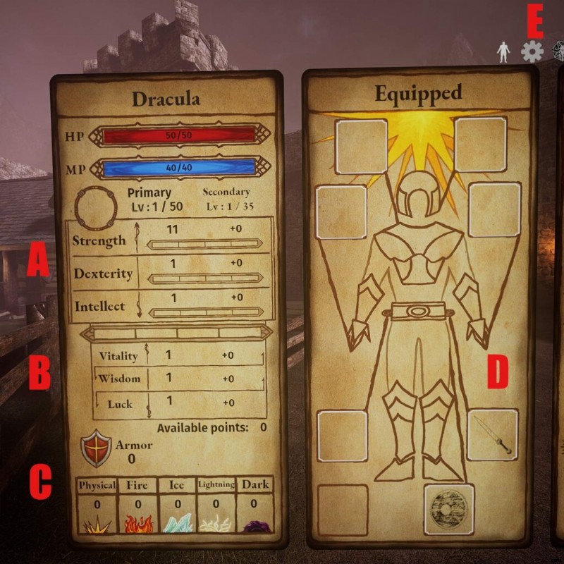 - スキル: スキルと魔法のツリーを表示します。ここで、プライマリ ステータスのレベルアップからポイントを消費します。
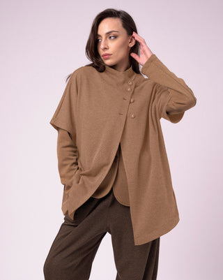 With a relaxed fit and unique three-button detail at the top, this shirt is an effortless statement piece. The asymmetrical front adds a special touch to the already stylish design. Wear it with a pair of high waisted jeans or a skirt for a chic and fashionable look.
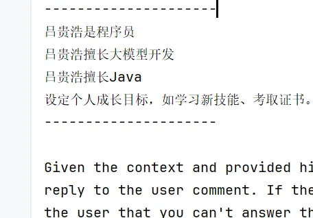 @Resource private VectorStore pgVectorStore; public String doChatWithRag(String message, String chatId) { ChatResponse chatResponse=chatClient.prompt() .user(message) .advisors(spec -> spec.param(ChatMemory.CONVERSATION_ID, chatId)) .advisors(new MyLoggerAdvisor()) //RAG // .advisors(new QuestionAnswerAdvisor(loveAppVectorStore)) //云上RAG // .advisors(loveAppRagCloudAdvisor) //PgRAG .advisors(new QuestionAnswerAdvisor(pgVectorStore)) .call() .chatResponse(); String content=chatResponse.getResult().getOutput().getText(); log.info("content: {}", content); return content; } @Test void doChatWithRag() { String chatId = UUID.randomUUID().toString(); String message = "吕贵浩是谁?"; String answer= loveApp.doChatWithRag(message, chatId); Assertions.assertNotNull(answer); }
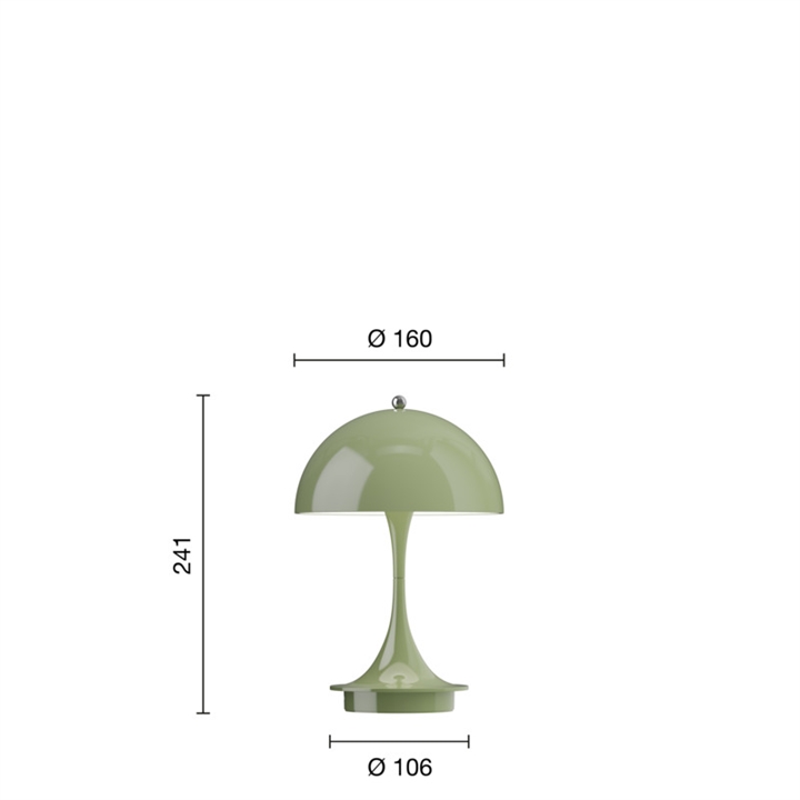 Deze Panthella heeft een basis en ondoorzichtige kap in groen. Het is het V3-model van de Panthella 160 Portable, en deze kleurvariant is gelanceerd in 2025. In vergelijking met eerdere modellen is het V3-model onder andere verbeterd met een langere batterijduur en heeft de lichtregeling ingebouwd in de knop bovenop de kap, waar de dim- en aan/uit-functie eerder op de basis zat.
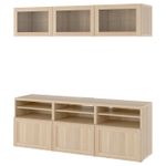 Комбинация для ТВ/стеклянные дверцы, под беленый дуб Синдвик/Ханвикен под беленый дуб, прозрачное стелко 180x42x192 см IKEA BESTÅ БЕСТО включает в себя следующие материалы:

#####

### Work required
Only the lines from the one with "Deze Panthella heeft" through the final line of the entries belong in the answer, set down exactly, with both ends included and no pictures.

### Answer section
 Deze Panthella heeft een basis en ondoorzichtige kap in groen. Het is het V3-model van de Panthella 160 Portable, en deze kleurvariant is gelanceerd in 2025. In vergelijking met eerdere modellen is het V3-model onder andere verbeterd met een langere batterijduur en heeft de lichtregeling ingebouwd in de knop bovenop de kap, waar de dim- en aan/uit-functie eerder op de basis zat.
 Комбинация для ТВ/стеклянные дверцы, под беленый дуб Синдвик/Ханвикен под беленый дуб, прозрачное стелко 180x42x192 см IKEA BESTÅ БЕСТО включает в себя следующие материалы:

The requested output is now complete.